Do you live in an area that's prone to severe weather? A weather radio is useful wherever you live, but if you live in a region that's prone to hurricanes, tornados or other extreme storms, a weather radio becomes almost essential.

What's the difference between a weather radio and an emergency radio? Both are important, but both serve different functions. A weather radio warns you -- hopefully well in advance -- of an impending situation. An emergency radio is designed to see you through a situation, especially situations where the power is out. If you live in an area that often sees extreme storms, having both on hand could be advisable.

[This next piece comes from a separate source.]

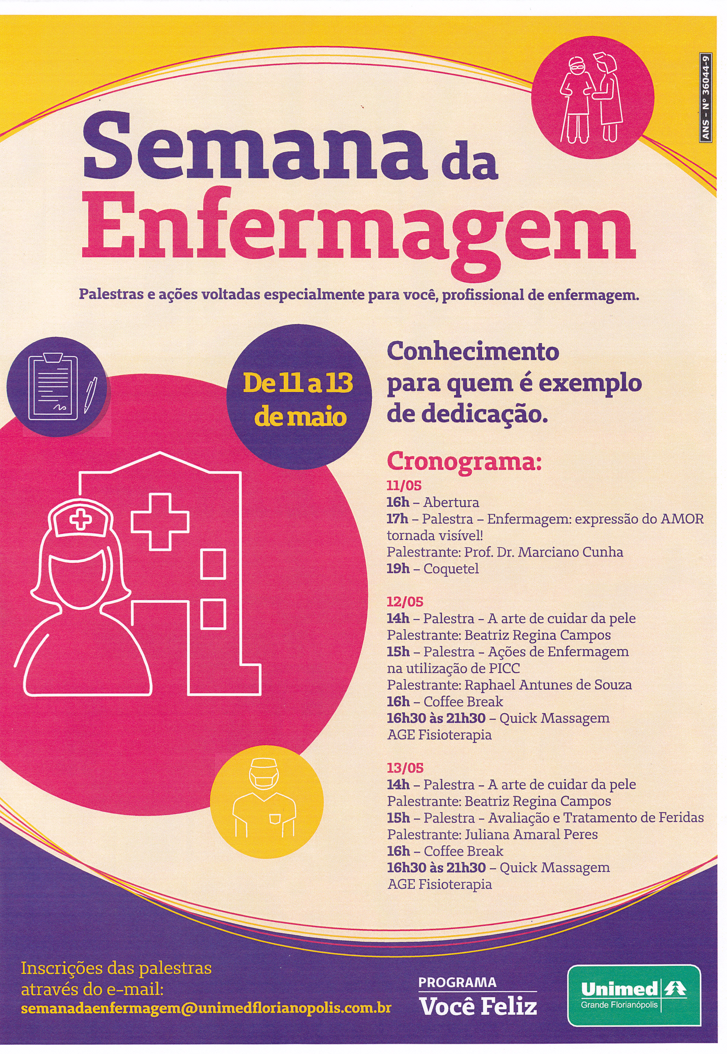 Em Florianópolis, no Hospital Unimed, foi realizada a Semana da Enfermagem entre os dias 11 e 13 de maio. O evento contou com palestras e ações voltadas para os profissionais da área.

Is SAME support really that important? For a weather radio, the answer is yes. With SAME, you can tailor the alerts you hear to ones that only pertain to your location. The best weather radios also let you filter out alerts that are of no interest -- such as a frost warning for someone who lives in the city. Cutting down on irrelevant alerts helps make sure that you pay attention to alerts that could directly affect you.

Emergency crank radios aren't the best weather radios, but they can be lifesavers. Crank radios can provide a lifeline when the electricity is out and batteries have run dry. Many also provide coverage of the weather bands. Although the majority lack SAME technology and aren't Public Alert certified, many will sound a warning when the weather broadcast station to which they're tuned issues an alert. Some can also charge a cell phone, a huge benefit for campers or outdoor enthusiasts who may otherwise have no way to contact help.

An external antenna jack is a good idea. Most weather and emergency radios have a built-in antenna, but a jack gives you the ability to add an external antenna in areas where receiving National Weather Service broadcasts can be a challenge.